START Data under study

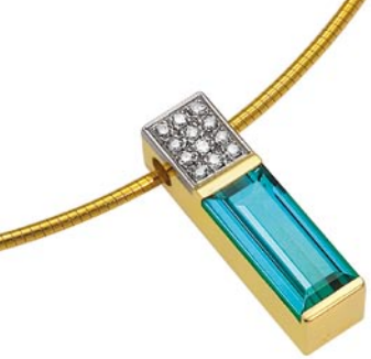
Collier Turmalin Collier GG+PWG Turmalin aus Namibia 3.55 ct Diamanten 0.18 ct handgefertigtes Einzelstück
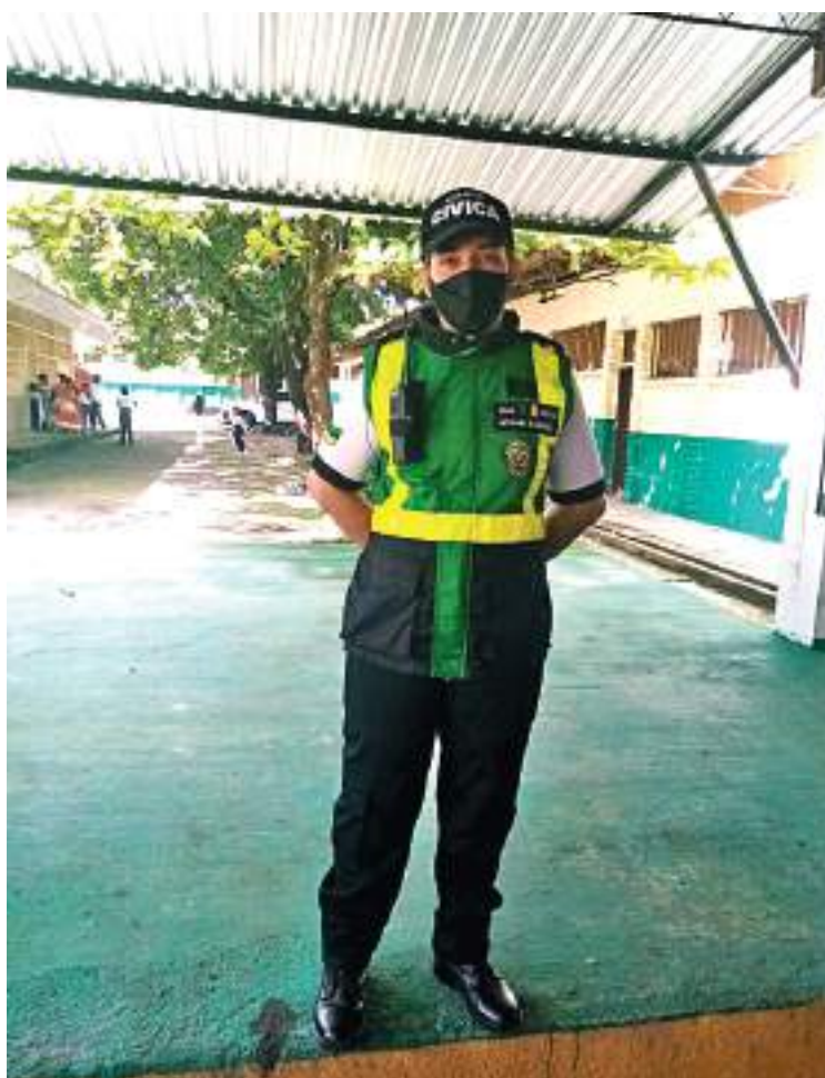
Ser policía cívica significa para ella poder aportar a la comunidad enseñanzas que ella ha vivido.

sos de lencería, de belleza, de croché e hizo seminarios de primeros auxilios, nunca logró cumplir su sueño que era ser enfermera de profesión, al principio su poder adquisitivo no era mucho para lograr entrar a esta carrera y luego el afán de darle todo a sus hijos no la dejó convertirse en profesional.
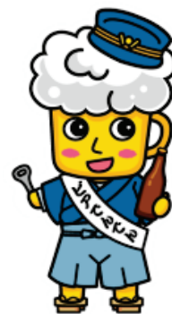
▲オリジナルキャラクター 「ピアでんでん」
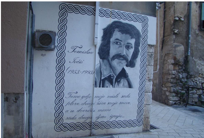
Slika 13. Tomislav Ivčić

te godine rođenja i smrti, nalazi se tekst jedne njegove pjesme – "Tamo gdje moje misli sada plave, drugi žive moje snove, a u dvorištu mome sada druga djeca igraju..." Inače se posljednji stih često koristi na nekim drugim muralima te sugerira prolaznost vremena. Prošlost je nešto što je prošlo i ta vremena ne možemo vratiti, ali dolaze druge generacije i ovisi koliko je društvena memorija izražena, odnosno koliko je neki diskurs snažan, toliko će i uspomene biti snažne. Iz opisanog murala vidljivo je kako je uspomena na pjevača i dalje živa s obzirom da su mural vjerojatno oslikali mladići koji su u to vrijeme bili djeca, a možda i nisu bili rođeni.

END Data under study

Your task ->
All lines above containing the string "para" are to be collected.

Result of this exercise ->
Ser policía cívica significa para ella poder aportar a la comunidad enseñanzas que ella ha vivido.
sos de lencería, de belleza, de croché e hizo seminarios de primeros auxilios, nunca logró cumplir su sueño que era ser enfermera de profesión, al principio su poder adquisitivo no era mucho para lograr entrar a esta carrera y luego el afán de darle todo a sus hijos no la dejó convertirse en profesional.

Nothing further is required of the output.